Обычно, когда говорят о художественной форме, обращаются прежде всего к речи, к языку. Известна классическая формула, популярная в XX веке: язык — первоэлемент литературы. Однако, учитывая известное положение выдающегося немецкого эстетика XVIII века А.Баумгартена о том, что прекрасное есть конкретно-чувственная особенность мира, и, помня о том, что искусство есть высшая степень красоты, логичнее начать исследование формы с характеристики именно предметных деталей. Кроме того, акцент на предметный мир, на пейзаж, на портрет, на бытовую обстановку мотивируется тем, что человек как основной предмет искусства очень часто в своем содержании по существу сводится к этой предметной особенности жизни. Иначе говоря, сущность человека, причем именно психологическая сущность человека очень нередко может быть сведена к этому миру вещей.

Этот акцент на деталь представляет широкий простор для самых различных форм условности: гротескность, анекдотичность. Г.Успенский в своей повести «Нравы Растеряевой улицы» рассказывает о муже некоей Балканихи, которую он, увидев на пороге чуланчика, куда он вошел тайно от нее, чтобы попробовать варенье, «испустил дух» от страха. В этом эпизоде виден характер Балканихи, маниакально устремленный в вещь, и вся ситуация их семейной жизни. Этот мотив повторен Чеховым в рассказе «Неосторожность», где герой также тайно подходит к шкапу, чтобы выпить что-нибудь крепенькое. Но выпил он керосин. На крики его проснулась его свояченица Дашенька, и когда он, удивленный тем, что не умер, и стал объяснять это своей праведной жизнью, угрюмая свояченица стала бормотать: нет, не потому что праведный, а потому что не того керосину дали, не того, что за 5 копеек, а того, что за три. Христопродавцы! Вот еще один вариант маниакальности человеческой страсти.

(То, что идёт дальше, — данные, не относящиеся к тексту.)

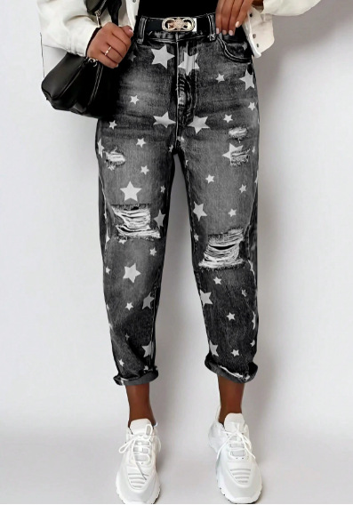 크로스보더 신상 유럽 및 미국 스타일 하이웨이스트 편안한 여성용 데님 팬츠, 데미지 스트레이트 핏 롱 팬츠, 여성용 공장 직판 트렌디 상품스토어 가기

Пример Чехова заставляет обратить внимание на то, что характерологической особенностью структуры произведения может выступать одна предметная деталь. В рассказе Чехова «На гвозде» именинник Стручков ведет к себе на ужин друзей-чиновников. Они видят в прихожей на стене большой гвоздь, а на нем новую фуражку с сияющим козырьком и кокардой. Чиновники, побледнев, ушли, чтобы переждать, пока у именинника побудет их начальник. Вернувшись, они видят: на гвозде висит уже кунья шапка. Это другой начальник приехал с визитом к жене Стручкова, и они вновь покидают дом своего товарища.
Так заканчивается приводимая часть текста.